Last week, the average internet stock was down 70% from its high, according to Roger McNamee, co-founder and general partner of Integral Capital Partners and Silver Lake Partners.
"This is the best possible time for big companies to go after online opportunities," says Marc Andreessen, chairman of Loudcloud.
"This is also the best possible time to start a company, if you're willing to build for the long-term."
There are fewer distractions now than a year ago, good people are more plentiful for hiring, the maturing of technology makes it easier to harness for business purposes, and "kamikaze" business models are all but gone, Andreessen says.
From the customer's perspective, the great dot-com shakeout has made it easier to understand which technologies are out there and how they can be used for business, says Oliver Dreschryver, CTO of DHL Airways.
Previously, there were hordes of competing companies with technologies that were all too similar, which according to Dreschryver made it difficult to pick and choose wisely.
In the cases where customers bet on the wrong company, they found themselves stuck with an expensive product but no one to support it.
"I want to spend my time building business processes. I don't want to spend my time trying to glue pieces together," Dreschryver adds.
Geoffrey Moore, chairman of the Chasm Group says that the internet gold rush got out of control because people thought of the Web as the most invest-worthy category ever. And that, along with a limited supply of stocks, drove up early valuations.
"We were thinking about scale instead of liquidity," Moore says. "The correct move now is to redirect the race toward liquidity."
As a result of the early valuations, entrepreneurs franticly sprinted toward the web. Andreessen said that this get-rich-quick mentality negatively influenced the way people built businesses.

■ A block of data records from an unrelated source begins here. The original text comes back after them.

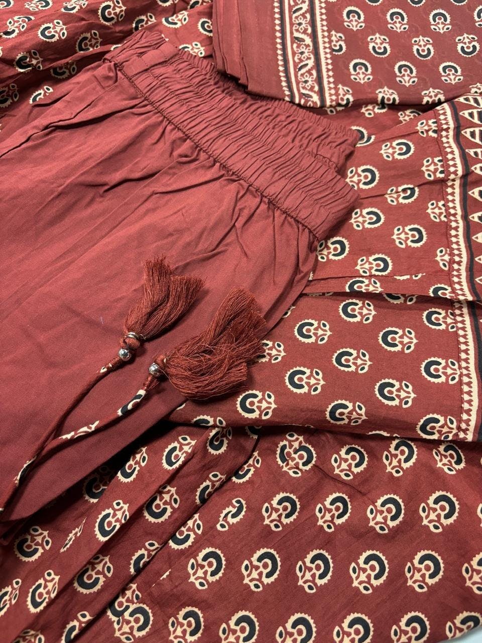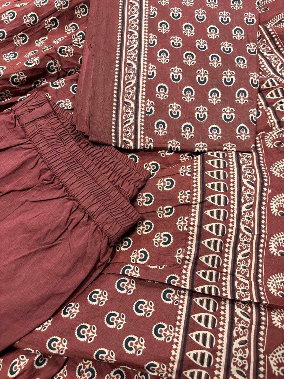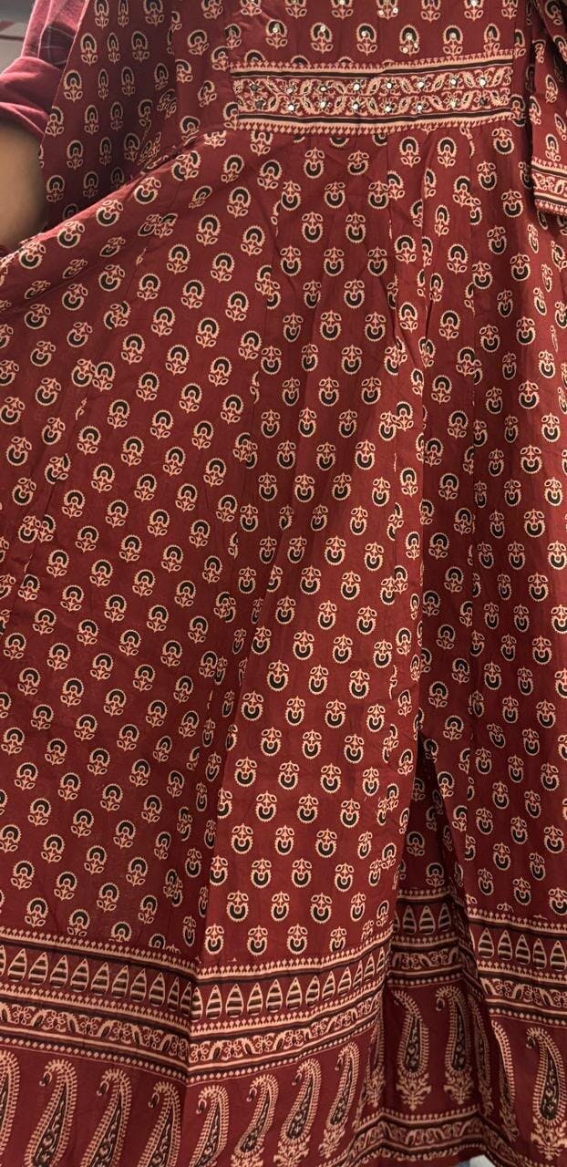 Step into timeless elegance with this Graceful Maroon Angrakha Style Suit Set with Dupatta. Crafted in premium cotton fabric, the kurta features intricate traditional prints with a flattering Angrakha cut that enhances your silhouette. The matching dupatta adds a regal charm, making it perfect for festive occasions, weddings, or evening gatherings.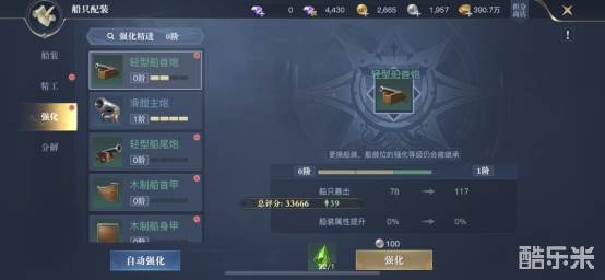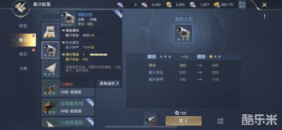 接下来是强化,船只强化是提升船装的属性,需要注意,同一部位的船装再更换时自动继承强化等级和属性,这样一来就不会造成我们替换船装时,造成材料浪费的情况了。我们在强化船装时需要消耗银币和强化源石,在到达一定强化次数后,需要进行突破,这时会消耗突破石。需要注意,我们将一定数量的船装强化至指定阶段时,还可以激活精进效果,增加更多额外属性。因此初级的强化,我们可以雨露均沾,将全部船装提升至对应等级,这样增加的属性会比单独强化某一个要高很多。在中后期,再根据角色的特性,侧重去提升所需要的属性即可。
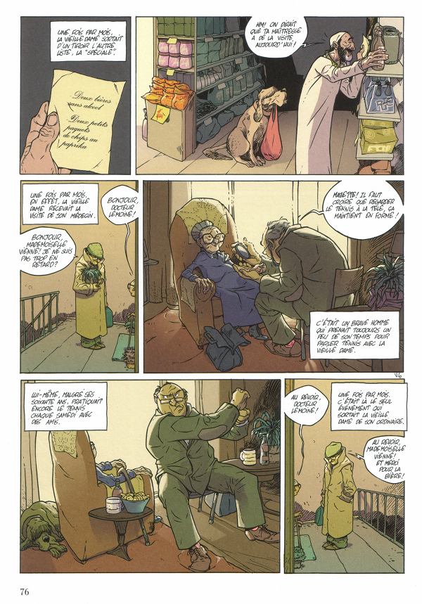 Benoît Zidrou nous invite à un voyage similaire avec les gens qui nous entourent. Qui ose faire connaissance avec la vieille dame d'en face ? Sait-on qu'elle rêve de jouer sur le court central de Roland-Garros ? Qui peut dire que cet homme gris et triste, qui a laissé un fossé se creuser entre lui et ses enfants, sera le premier qui prendra dans ses bras ce petit bout d'homme au corps déformé par la maladie ?
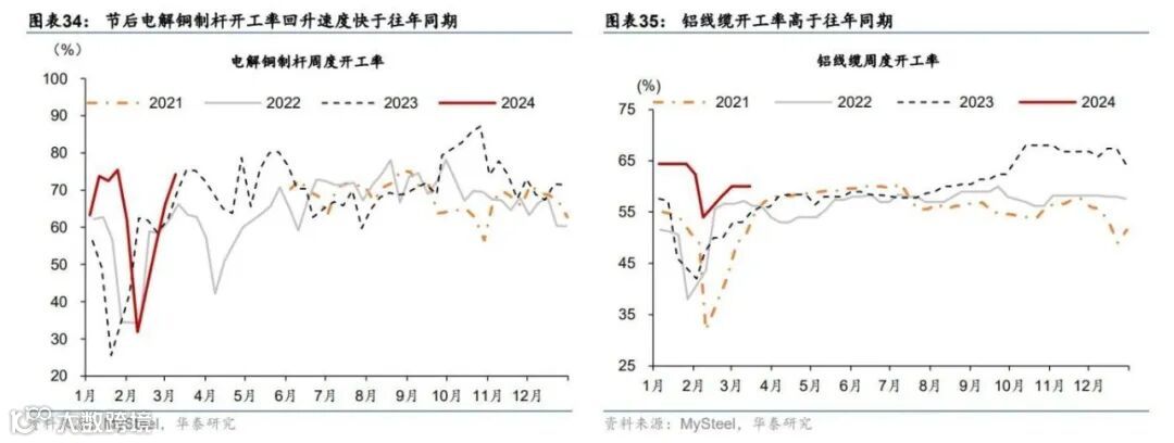 过去两周,电解铜制杆和铝线缆开工率超季节性回升,显示电力电气行业维持较高景气度。电解铜制杆开工率和铝线缆开工率主要应用于电网建设,可以反映电网投资的落地情况。电解铜制杆开工率近两周累计上行19个百分点,回升速度快于往年同期;铝线缆开工率较两周前环比小幅回升2个百分点,同比亦在高位(图表34和35)。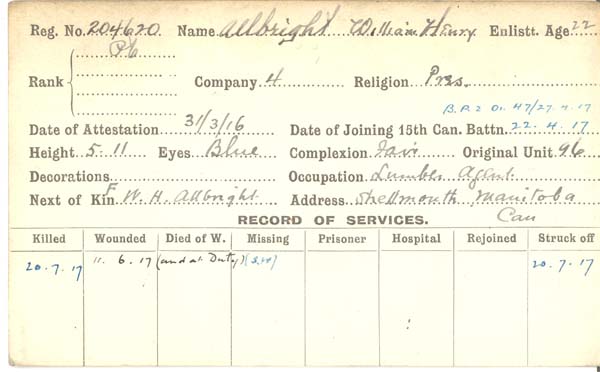 Frère du caporal suppléantl George Nelson Allbright, décédé le 19 février 1917 pendant qu’il servait dans le Canadian Infantry (New Brunswick Regiment).

Whereas in the last two years or so, start-ups were considered failures if they didn't achieve an IPO within nine months, that pressure has subsided, Andreessen says. Now, even internet start-ups are faced with the tasks of making a profit, and delivering value to shareholders, he adds.
"This signals a return to the old economy, where things like cash flow and profits matter," Silver Lake Partners' McNamee says. "Putting a business on the web is seldom successful in itself. If you want to web-ify your business, you have to rethink your whole business model."